The Sedartis Effect

Sedartis is full of little insights which are borderline annoying. They are annoying, because they are obvious and it’s possible only to be borderline annoyed with them, because they are obviously true. They are the kind of insights that make you wonder: why has nobody pointed this out to me, say, in year eleven.

Since joining me, unbidden, uninvited, and taking up quasi-permanent residence by my side, he has been doing this at irregular intervals, which, on account of their irregularity, at least retain a mild element of surprise.

‘The reason time passes faster as you get older, relentlessly, is very simple,’ he tells me. I did not ask him about this, I was just looking out of the window of yet another moving train, this time to Dorset.

‘I imagine it is,’ I say, having for some time felt I had my own plausible theory about this. ‘At the age of one, one year is a hundred percent of your lifetime. That makes it really long. So long that you can’t fathom its duration.’

I’m not sure that I can fathom it now, but, for different reasons…

‘By the age of ten, that same year is now only a tenth of your lifetime. In absolute terms, it may be as long as any other year, but you don’t experience life in absolute terms: you experience life in relative terms, always: relative entirely to you. Your year is now just ten percent of your body of experience. By the age of fifty, one year has shrunk to a fiftieth of your lifetime: if somebody offered you a fiftieth part of a pie you’d barely think it worth eating. But it’s still a year, and it’s still a slice of your life.

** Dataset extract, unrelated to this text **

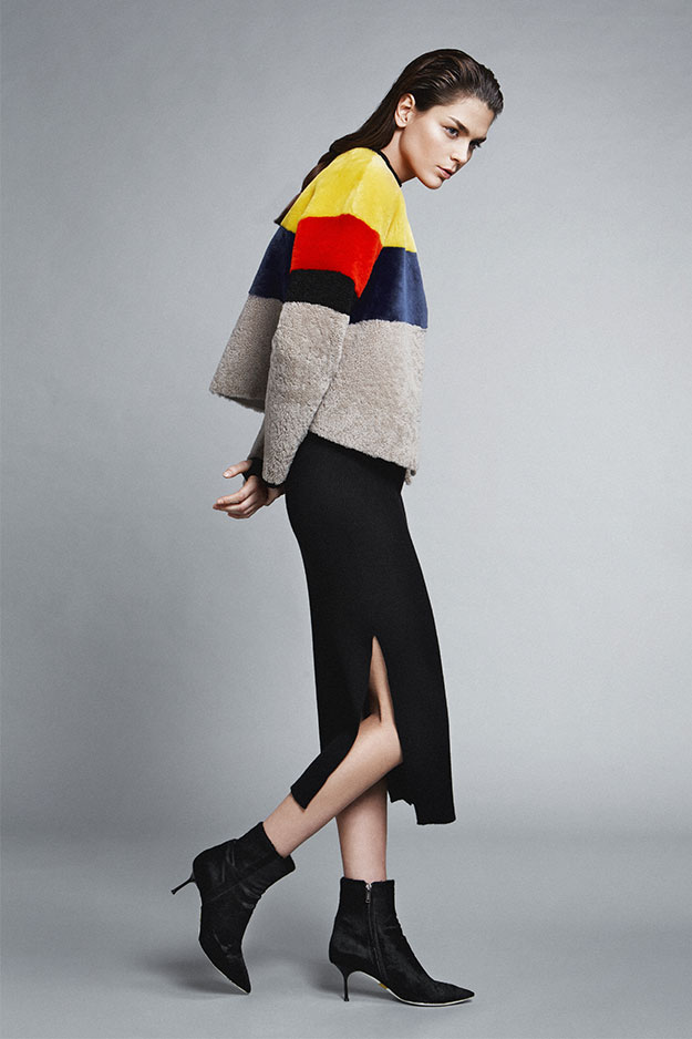 Новая женская коллекция тоже сделана не без задора и правильной дозы иронии. Это относится в первую очередь к верхней одежде: объемные и теплые шубы представлены в не по-зимнему сочных цветах — от красного до небесно-голубого, а укороченные полушубки — в радужной версии: из желтого, красного и синего меха.

And aged a hundred, your year now hardly registers at all. You may well lose track and forget how old you are: was it a hundred and two or a hundred and three years ago now that you were born? Does it matter?’

‘This all makes perfect sense to me,’ I say to Sedartis, which it does, but: ‘why are you telling me? Now?’

‘Because you’re obviously at that point in your life when your perception of time reaches a tipping point: your life expectancy nowadays isn’t quite, but may soon be, about a hundred years, so around now, as you’re halfway through more-or-less century of yours, your feeling of losing your grip on time will accelerate, and because you’re now no longer moving away from your birth but towards your death, you will find this more and more disconcerting.’

‘What, more disconcerting than I find it already?’

‘Of course. But think not for one moment that you’d be happier if you lived longer.’

‘I don’t think so.’

‘Because: if you were to get to the point, say, where you habitually had an active consciousness lifespan of ten thousand years, it would not feel that much longer: as you’d get towards the last millennium, each year would only be between nine and one ten thousandths of our lifetime. That is about the same as three days are for you today. You would not experience a hundred times more than you do today, you would simply stretch your living out over a period a hundred times longer. And nor should that surprise you: when your life expectancy was thirty years or so, people did not generally think, our lives are so short; they simply did all their living inside those thirty years. No-one would argue that Alexander the Great, for example, or Mozart, didn’t really get enough living done in the thirty-odd years of their lives.’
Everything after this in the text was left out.